RE:RE:RE:RE:Perspectives on Investing in SUWrong. Paying down shares saves a payout of 3.4 percent. A dividend is cash drain on profits By doing share buybacks you are reducing this cash drain and allows you to recycle those profits it on other options like debt reduction which strengthens the balance sheet. I remember my accountings professors talking about it when i got my undergrad in accounting.
Chris007 wrote: Paying down debt strengthens the balance sheet...
However, anyone who spent day in an accounting class knows that buybacks DO NOTHING to strenghten the balance sheet.

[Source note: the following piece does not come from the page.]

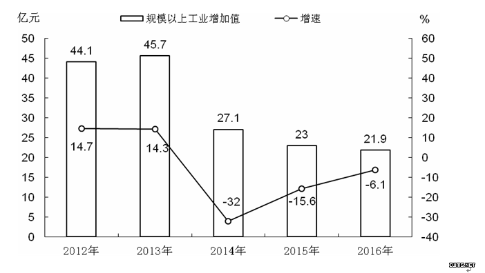 图5 2012—2016年规模以上工业增加值及增长速度
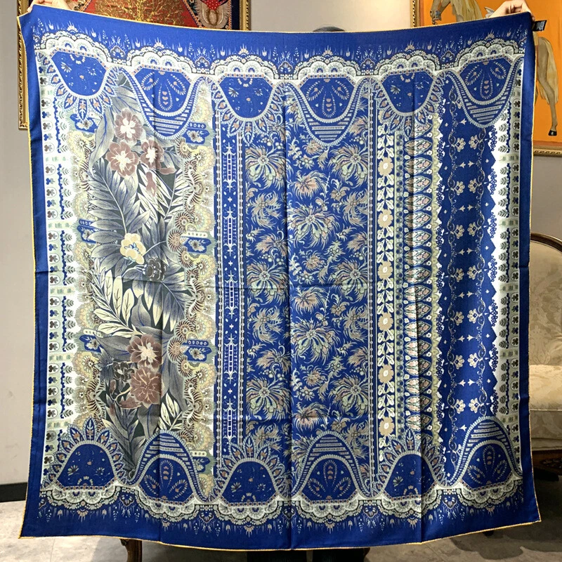 Luxury 70% Cashmere 30% Silk Double-Faced Square Shawl with Floral Print 53x53

It merely reduces shares outstanding (treasury stock debited, cash credited)...therefore, technically giving the remaining shares outstanding a "bigger piece of the pie"
Bigbear7405 wrote: Paying of debt and share buybacks strengthens the balance sheet. Giving all the profits to higher dividend is not strengthening their balance sheet. anyone who has spent a day in an accounting class would know this.
PabloLafortune wrote: Buybacks are simply put financial engineering which is putting the cart in front of the horse - its kind of ludicrous that this is Suncor's raison d'etre for the next 12 months Makes you wonder if Wall/Bay street are running the show - we know the mom and pops arent thats for sure. Ask Intel $100B in buybacks later if that served them well? It didnt it was a disaster and everyone knows it. #2, Suncor is lagging all its peers in the past 6 months even though Suncor is recovery leveraged so the environmental argument doesn't hold water - bottom line investors dont have confidence in management eg Fort Hills. Anyway I'll be unloading my shares in the near future and will no longer be posting here.